### Task brief
In this exercise, return the whole listing exactly, excluding any images.

### Data segment
■ ■ ■ ■
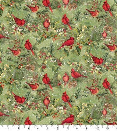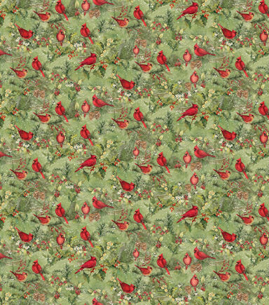 • Susan Winget Cardinals on Branches Christmas Cotton Fabric
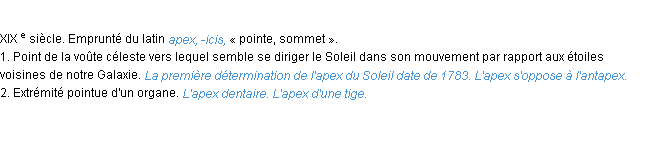 Définition d’Emile Littré (édition de 1876) pour le mot « apex ».Merci à Doriane et Bastien pour la numérisation du mot apex.
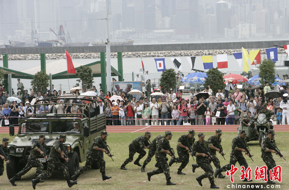 為慶!拔逡弧眹H勞動(dòng)節(jié),進(jìn)一步增進(jìn)與香港社會(huì)各界相互溝通與交流,中國人民解放軍駐香港部隊(duì)5月1日開放了昂船洲軍營,圖為“獵人戰(zhàn)斗”表演。中新社發(fā) 張勤 攝
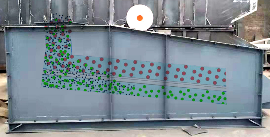 物料從水泥篩上部進(jìn)料口落入篩網(wǎng)上,篩網(wǎng)框與振動電機(jī)固定在一起,所以篩網(wǎng)隨著振動電機(jī)的振動作近似圓的軌跡運(yùn)動。物料在篩網(wǎng)上被不斷地拋起,并向前下方移動。物料中小于網(wǎng)孔尺寸的粉料及顆粒就穿過篩網(wǎng)落下。而大于網(wǎng)孔尺寸的雜物則從篩面流經(jīng)排渣口排出,從而完成篩分工作。減振彈簧是為了減少該機(jī)對地面的振動力。護(hù)網(wǎng)是為了防止安裝、維修時(shí)的工具或其它物件落入料倉中。
■ ■ ■ ■
### Exercise answer
 • Susan Winget Cardinals on Branches Christmas Cotton Fabric
 Définition d’Emile Littré (édition de 1876) pour le mot « apex ».Merci à Doriane et Bastien pour la numérisation du mot apex.
 為慶!拔逡弧眹H勞動(dòng)節(jié),進(jìn)一步增進(jìn)與香港社會(huì)各界相互溝通與交流,中國人民解放軍駐香港部隊(duì)5月1日開放了昂船洲軍營,圖為“獵人戰(zhàn)斗”表演。中新社發(fā) 張勤 攝
 物料從水泥篩上部進(jìn)料口落入篩網(wǎng)上,篩網(wǎng)框與振動電機(jī)固定在一起,所以篩網(wǎng)隨著振動電機(jī)的振動作近似圓的軌跡運(yùn)動。物料在篩網(wǎng)上被不斷地拋起,并向前下方移動。物料中小于網(wǎng)孔尺寸的粉料及顆粒就穿過篩網(wǎng)落下。而大于網(wǎng)孔尺寸的雜物則從篩面流經(jīng)排渣口排出,從而完成篩分工作。減振彈簧是為了減少該機(jī)對地面的振動力。護(hù)網(wǎng)是為了防止安裝、維修時(shí)的工具或其它物件落入料倉中。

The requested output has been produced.